FIG. 1 is a plan view of a tape for explaining the magnetic recording/reproducing apparatus of the present invention, FIG. 2 is a block diagram of the magnetic recording/reproducing apparatus in an embodiment of the present invention, and FIG. 3 is an enlarged view of a portion of the tape. A plan view, Fig. 4 is a circuit diagram of a part of the device, and Fig. 5 is a circuit diagram of a part of the device.
Figures A, b, c, and d are waveform diagrams for explaining the circuit. 8...First head, 15...Second head, 14,22...Switch switch, 9,1
6... Head up, 10... Erase current generation circuit, 11, 18... Power supply circuit, 2
6... Control signal generation circuit, 27... Recording command signal input terminal, 25... Pulse train human power terminal, 17... Recording amplifier, 23, 29. ...
...Delay circuit.

Claims (1)

[Scope of Claims] A first head that reproduces one track first, and a second head that reproduces the same track after the first head reproduces the track, and when recording, the second head reproduces the same track.

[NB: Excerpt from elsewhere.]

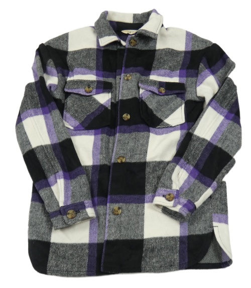 Černo-fialovo-bílá kostkovaná vlněná košilová bunda H&M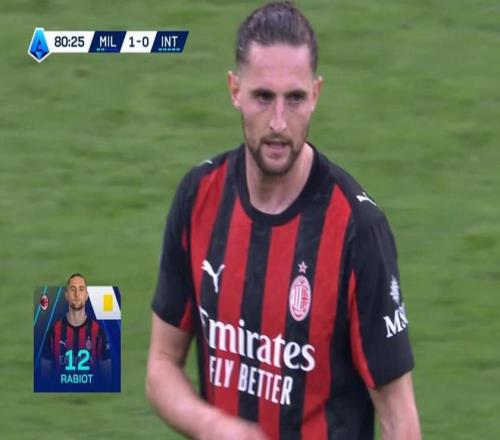 意甲第28轮主场迎战国际米兰的米兰德比中,米兰中场拉比奥在第80分钟因为犯规被主裁判黄牌警告。

A magnetic recording/reproducing apparatus characterized in that the first head records every other field, and the first head is used as an erasing head for at least a certain period after the second head starts recording. 2. After starting recording with the second head, the first head is used as an erasing head until a portion erased by a separately provided full-width erasing head is reached. The magnetic recording/reproducing device according to item 1. 3 Before the second head enters the recording state, the first head
3. The magnetic recording and reproducing apparatus according to claim 1, wherein the head of the magnetic recording apparatus is placed in an erasing state. 4. A pulse train with a period of one frame adjusted so that a pulse exists when the first head reaches the starting point of a video track is added to a control signal generation circuit, and a recording command signal is added to this control signal generation circuit. , The magnetic recording device according to claim 1, wherein the pulse train after the recording command signal is outputted from the control signal generation circuit, and the first head is switched to the erasing state by this output. playback device. 5. Magnetic recording and reproducing according to claim 4, characterized in that the output of the control signal generation circuit is delayed for a certain period of time, and the delayed output returns the erasing state of the first head to the reproducing state. Device. 6 Delaying the output of the control signal generation circuit for a certain period of time,
5. The magnetic recording and reproducing apparatus according to claim 4, wherein said second head is brought into a recording state by this delayed output.